━━ Provided records ━━

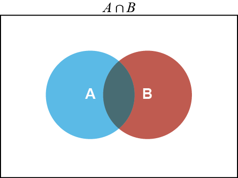 - تقاطع المجموعتين و هو المجموعة التي تحتوي على جميع العناصر الموجودة في كل من و . ويتم تمثيل هذه المجموعة في شكل ڤن-Venndiagram بالمنطقة التي يتداخل فيها الدائرتين و مع بعضهما البعض:
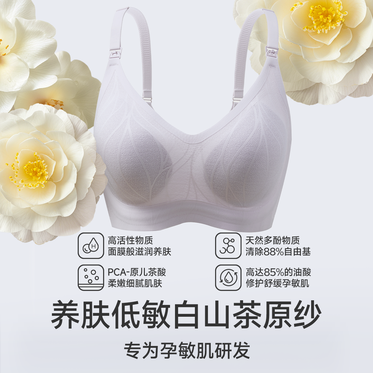 婧麒奢柔白山茶花孕妇哺乳内衣聚拢防下垂产后喂奶专用文胸胸罩
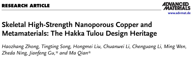 本研究由顾剑锋教授和Ma Qian教授共同指导,相关成果以《Skeletal High-Strength Nanoporous Copper and Beyond: The Hakka Tulou Design Heritage》为标题发表于Advanced Materials.
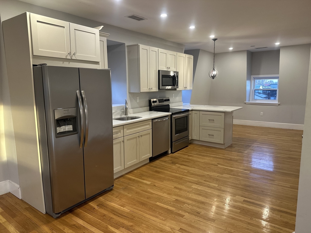 beautiul recently all renovated 2 beds 2 full baths ready for occupancy. unit features hardwood floors, gourmet kitchen with SS appliances, hardwood floors, large closets, washer and dryer machine in the unit. large bedrooms, unit comes with 2 parking spots and one spot for visitors . great location near shopping center, market basket , Petco and other fast chain restaurants unit will no last.
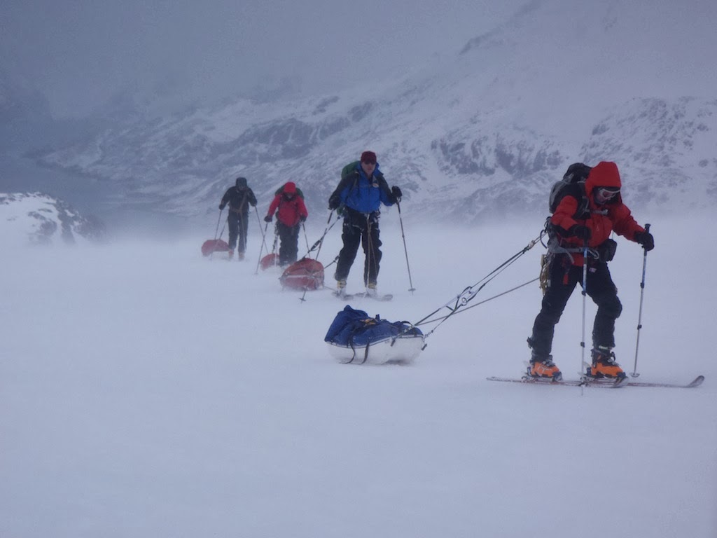 The great advantage of Brynje’s mesh underwear in these conditions is how dry it keeps you and how fast you can cool down. It’s hard work pulling a sled and even though the weather was more or less constantly hostile during our four-day trek, I generated a lot of heat, especially uphill. Any kind of moisture next to your skin when you stop is horribly chilling so the ability to regulate my temperature perfectly was a real advantage. I just closed up my Buffalo zips whenever I felt chilly.
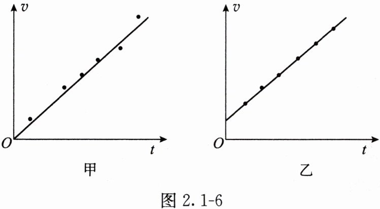 1. 图 $ 2.1 - 6 $ 中甲、乙两个图像分别为 A、B 两位同学从实验中得到数据后画出的小车运动 $ v - t $ 图像。
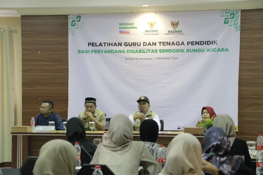 SERANG, Gitamedia.com – BAZNAS RI dan BAZNAS Banten menyelenggarakan kegiatan pelatihan guru dan tenaga pendidik bagi penyandang disabilitas sensorik rungu wicara kepada 30 orang guru yang mewakili Sekolah Khusus (SKH) di Banten, bertempat di Le Semar Hotel.
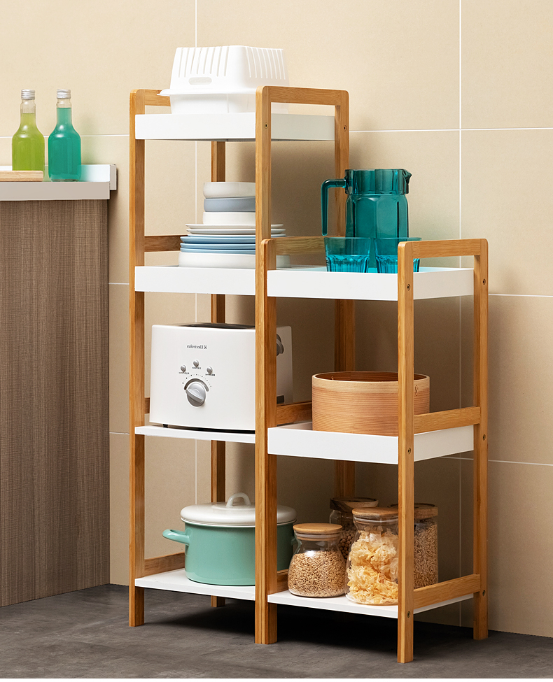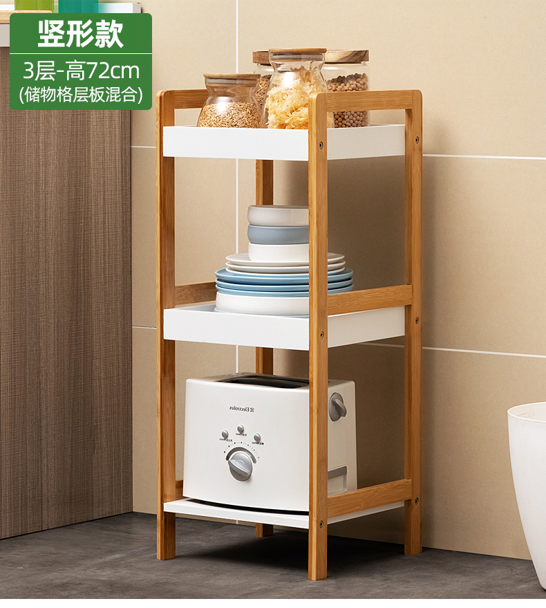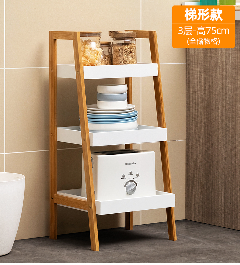 厨房置物架落地调味料架收纳实木用品刀架多层油盐酱醋储物 三维工匠
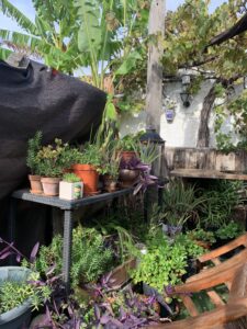 Geranio, palmitos, cactus, margaritas, Lavanda, menta, plantas autóctonas de esta región y otras extranjeras como los Arces Japoneses.
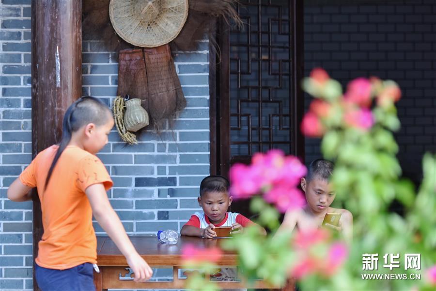 三名男孩在江西南昌安义县水南赣派小吃街上休闲纳凉(8月8日摄)。 安义千年古村群位于江西省南昌市安义县石鼻镇境内,距今已有1400多年历史,由罗田、水南、京台三个村落组成,是典型的赣商文化古村落。目前,古村群保留有120多栋相对完整的明清古宅,先后被评为中国历史文化名村、全国农业旅游示范点、江西十大最美乡村之一。 2017年8月,当地引进企业对千年古村群进行整体规划建设与运营管理。目前,安义千年古村群已初步建成集赣文化与赣商文化体验、旅游休闲于一体的文化旅游村落。2018年,古村共接待游客近20万人次,村民人均纯收入从2015年的千元左右,提高到2018年底的万元左右,古村焕发新生机,带动了村民增收。 新华社记者 李芒茫 摄
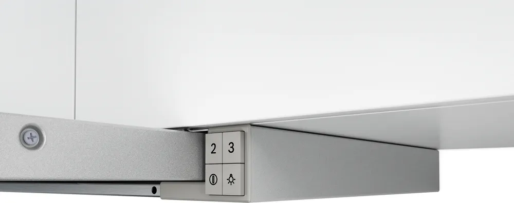 DFT93AC50 Flachschirmhaube, 90 cm, Silber. Die Flachschirmhaube verschwindet praktisch in deinem Oberschrank und sorgt so für eine elegante Küchenfront.

━━━

- [Task goal]
Keep to the lines above from the line with "婧麒奢柔白山茶花孕妇哺乳内衣聚拢防下垂产后喂奶专用文胸胸罩" to the line with "beautiul recently all", and set down exactly those, inclusive, with nothing else and every picture left out.

- [Answer to this exercise]
 婧麒奢柔白山茶花孕妇哺乳内衣聚拢防下垂产后喂奶专用文胸胸罩
 本研究由顾剑锋教授和Ma Qian教授共同指导,相关成果以《Skeletal High-Strength Nanoporous Copper and Beyond: The Hakka Tulou Design Heritage》为标题发表于Advanced Materials.
 beautiul recently all renovated 2 beds 2 full baths ready for occupancy. unit features hardwood floors, gourmet kitchen with SS appliances, hardwood floors, large closets, washer and dryer machine in the unit. large bedrooms, unit comes with 2 parking spots and one spot for visitors . great location near shopping center, market basket , Petco and other fast chain restaurants unit will no last.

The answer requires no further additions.